*** Opening of Dataset extract ***

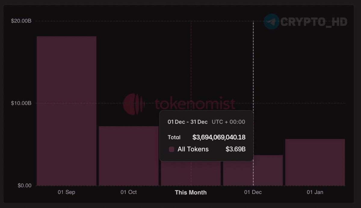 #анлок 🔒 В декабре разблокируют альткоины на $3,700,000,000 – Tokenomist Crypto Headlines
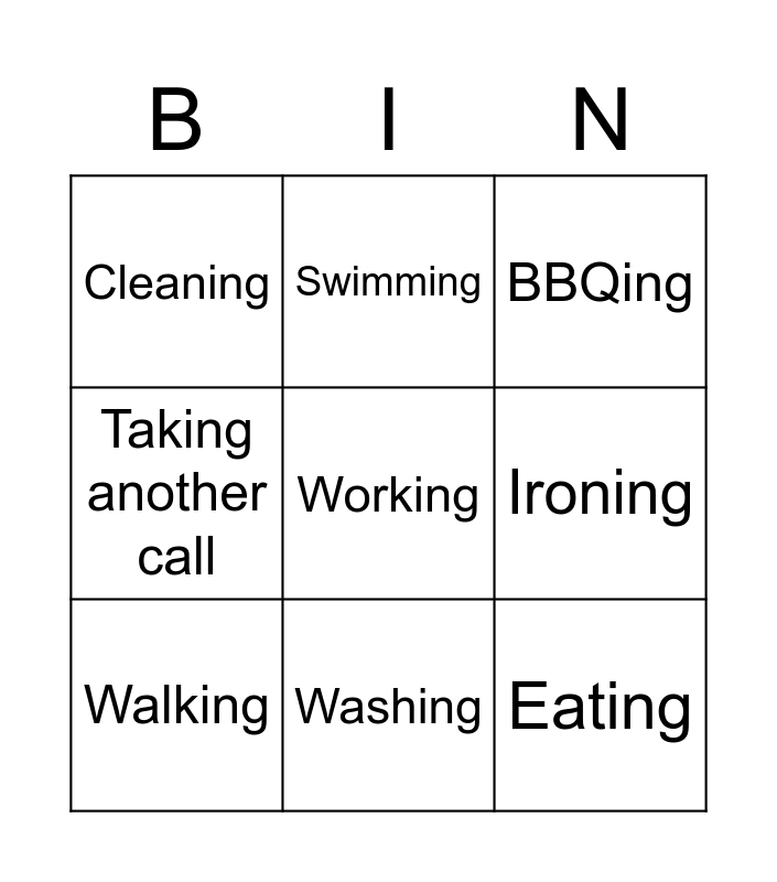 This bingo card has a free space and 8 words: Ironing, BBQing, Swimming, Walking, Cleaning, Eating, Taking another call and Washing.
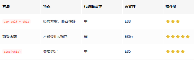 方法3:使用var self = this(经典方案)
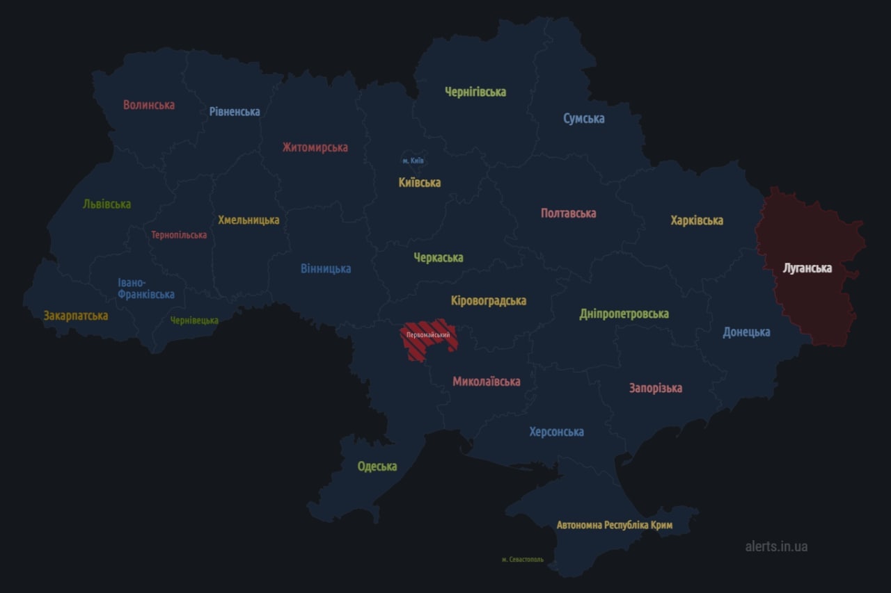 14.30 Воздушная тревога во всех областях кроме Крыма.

*** Close of Dataset extract ***

=== What you should do ===
The expected answer is the line with "方法3:使用var self = this(经典方案)" followed by every remaining line of the listing, each restated exactly, with all pictures dropped.

=== Task solution ===
 方法3:使用var self = this(经典方案)
 14.30 Воздушная тревога во всех областях кроме Крыма.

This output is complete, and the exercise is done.